__Input data__.
---------------

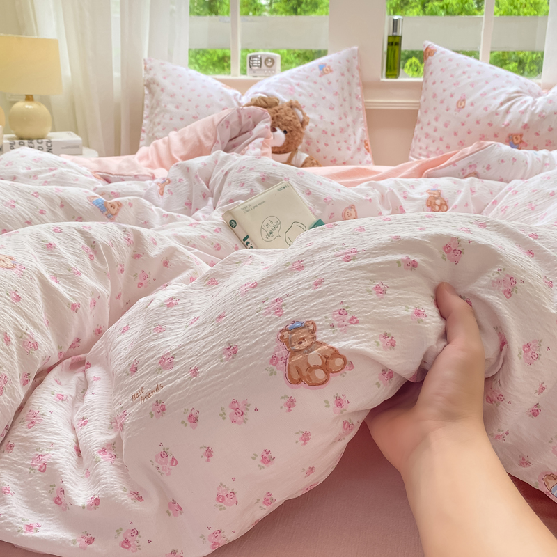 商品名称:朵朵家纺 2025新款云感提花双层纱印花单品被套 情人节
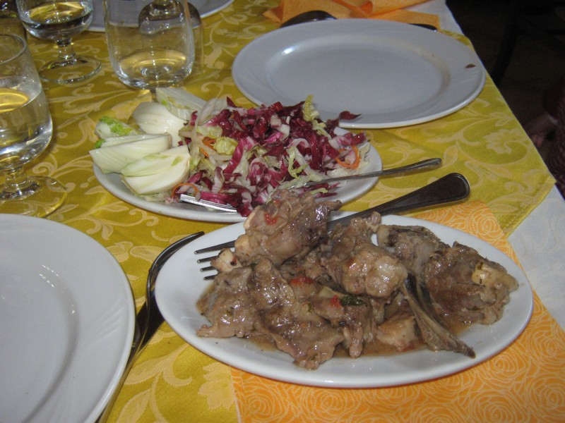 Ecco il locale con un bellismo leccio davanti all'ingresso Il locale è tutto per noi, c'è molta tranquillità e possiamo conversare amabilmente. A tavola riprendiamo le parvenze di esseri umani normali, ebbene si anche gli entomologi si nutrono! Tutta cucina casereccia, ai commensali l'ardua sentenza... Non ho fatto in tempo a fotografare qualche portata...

---------------

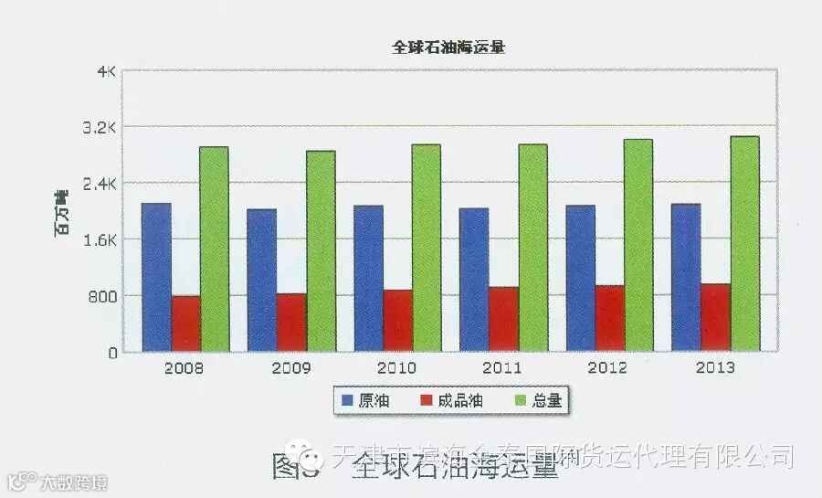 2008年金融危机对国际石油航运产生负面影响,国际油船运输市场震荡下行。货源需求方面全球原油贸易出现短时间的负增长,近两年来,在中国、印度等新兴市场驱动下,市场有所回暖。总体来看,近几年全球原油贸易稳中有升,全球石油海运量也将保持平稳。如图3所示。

---------------

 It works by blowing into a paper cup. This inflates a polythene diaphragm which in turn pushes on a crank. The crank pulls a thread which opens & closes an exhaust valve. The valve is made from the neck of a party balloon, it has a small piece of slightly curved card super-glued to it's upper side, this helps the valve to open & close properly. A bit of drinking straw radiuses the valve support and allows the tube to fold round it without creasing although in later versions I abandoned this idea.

---------------

__Directions for this task__. Above are some records; extract exactly the lines from the one containing "商品名称:朵朵家纺 2025新款云感提花双层纱印花单品被套 情人节" through the one containing "Ecco il locale" and drop the pictures.

__Task result__.
 商品名称:朵朵家纺 2025新款云感提花双层纱印花单品被套 情人节
 Ecco il locale con un bellismo leccio davanti all'ingresso Il locale è tutto per noi, c'è molta tranquillità e possiamo conversare amabilmente. A tavola riprendiamo le parvenze di esseri umani normali, ebbene si anche gli entomologi si nutrono! Tutta cucina casereccia, ai commensali l'ardua sentenza... Non ho fatto in tempo a fotografare qualche portata...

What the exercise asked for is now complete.